▸ Given entries:
####################
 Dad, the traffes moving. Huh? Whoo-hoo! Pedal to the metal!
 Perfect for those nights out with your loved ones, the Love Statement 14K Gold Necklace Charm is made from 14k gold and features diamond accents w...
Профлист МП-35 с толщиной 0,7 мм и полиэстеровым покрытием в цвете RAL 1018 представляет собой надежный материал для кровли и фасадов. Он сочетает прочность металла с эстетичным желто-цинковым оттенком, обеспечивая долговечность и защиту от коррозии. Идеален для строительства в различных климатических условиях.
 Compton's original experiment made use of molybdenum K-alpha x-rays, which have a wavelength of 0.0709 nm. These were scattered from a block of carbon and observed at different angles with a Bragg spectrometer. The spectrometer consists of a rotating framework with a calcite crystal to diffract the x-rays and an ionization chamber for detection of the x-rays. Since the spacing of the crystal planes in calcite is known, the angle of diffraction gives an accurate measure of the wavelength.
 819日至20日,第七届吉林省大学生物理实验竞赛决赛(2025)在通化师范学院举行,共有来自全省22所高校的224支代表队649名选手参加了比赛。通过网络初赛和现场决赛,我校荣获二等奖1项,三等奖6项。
####################
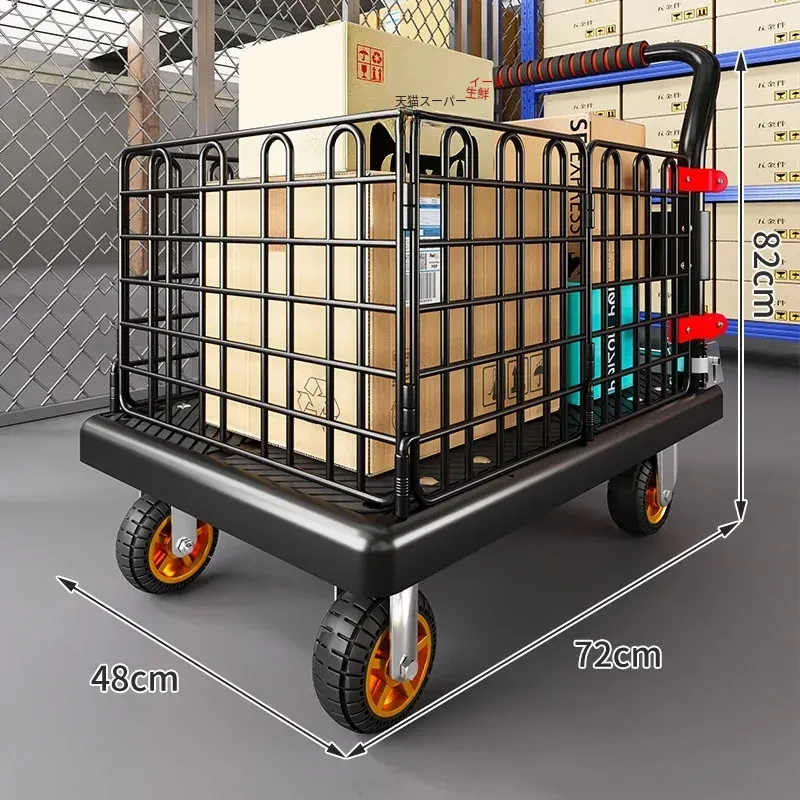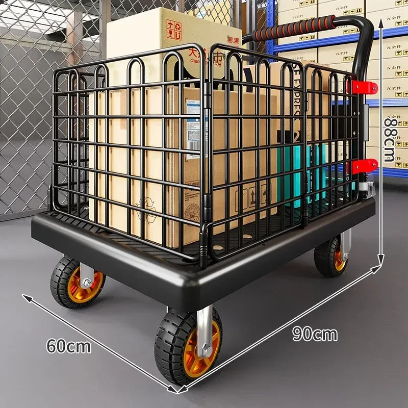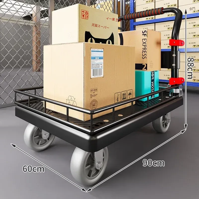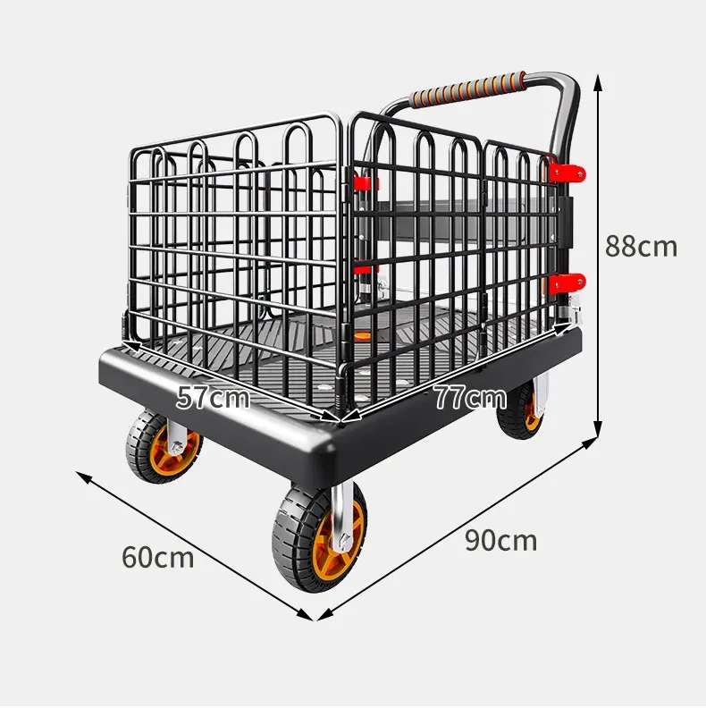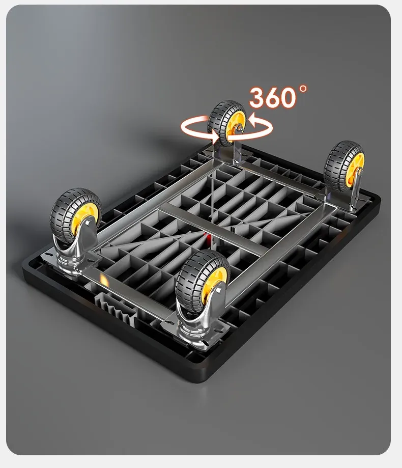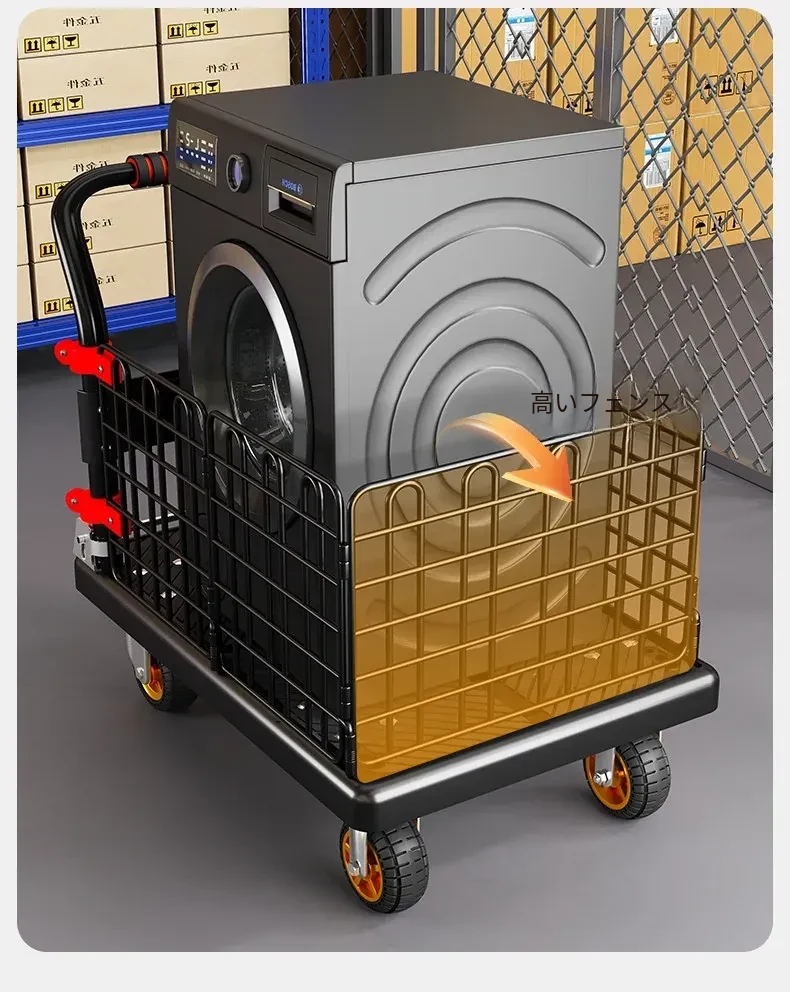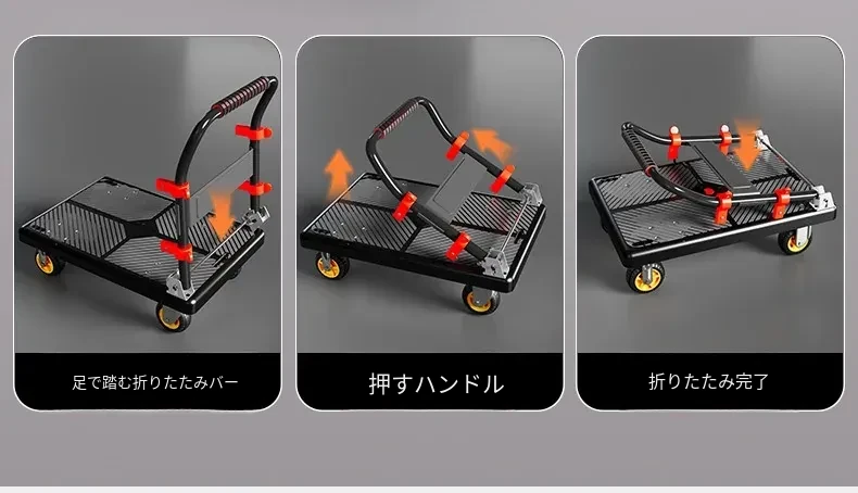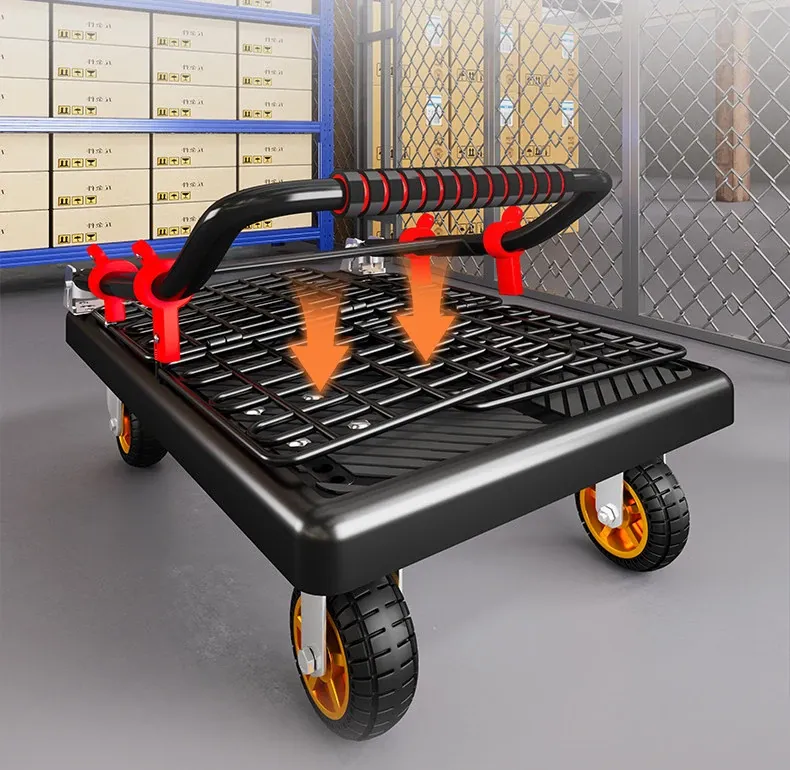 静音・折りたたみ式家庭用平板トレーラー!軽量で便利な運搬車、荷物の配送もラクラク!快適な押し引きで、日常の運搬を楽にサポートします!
####################
▸ Exercise directions: Your answer should consist only of the lines above between the line holding "Perfect for those" and the line holding "Compton's original experiment", inclusive, each transcribed exactly.

▸ Solution for this task:
 Perfect for those nights out with your loved ones, the Love Statement 14K Gold Necklace Charm is made from 14k gold and features diamond accents w...
Профлист МП-35 с толщиной 0,7 мм и полиэстеровым покрытием в цвете RAL 1018 представляет собой надежный материал для кровли и фасадов. Он сочетает прочность металла с эстетичным желто-цинковым оттенком, обеспечивая долговечность и защиту от коррозии. Идеален для строительства в различных климатических условиях.
 Compton's original experiment made use of molybdenum K-alpha x-rays, which have a wavelength of 0.0709 nm. These were scattered from a block of carbon and observed at different angles with a Bragg spectrometer. The spectrometer consists of a rotating framework with a calcite crystal to diffract the x-rays and an ionization chamber for detection of the x-rays. Since the spacing of the crystal planes in calcite is known, the angle of diffraction gives an accurate measure of the wavelength.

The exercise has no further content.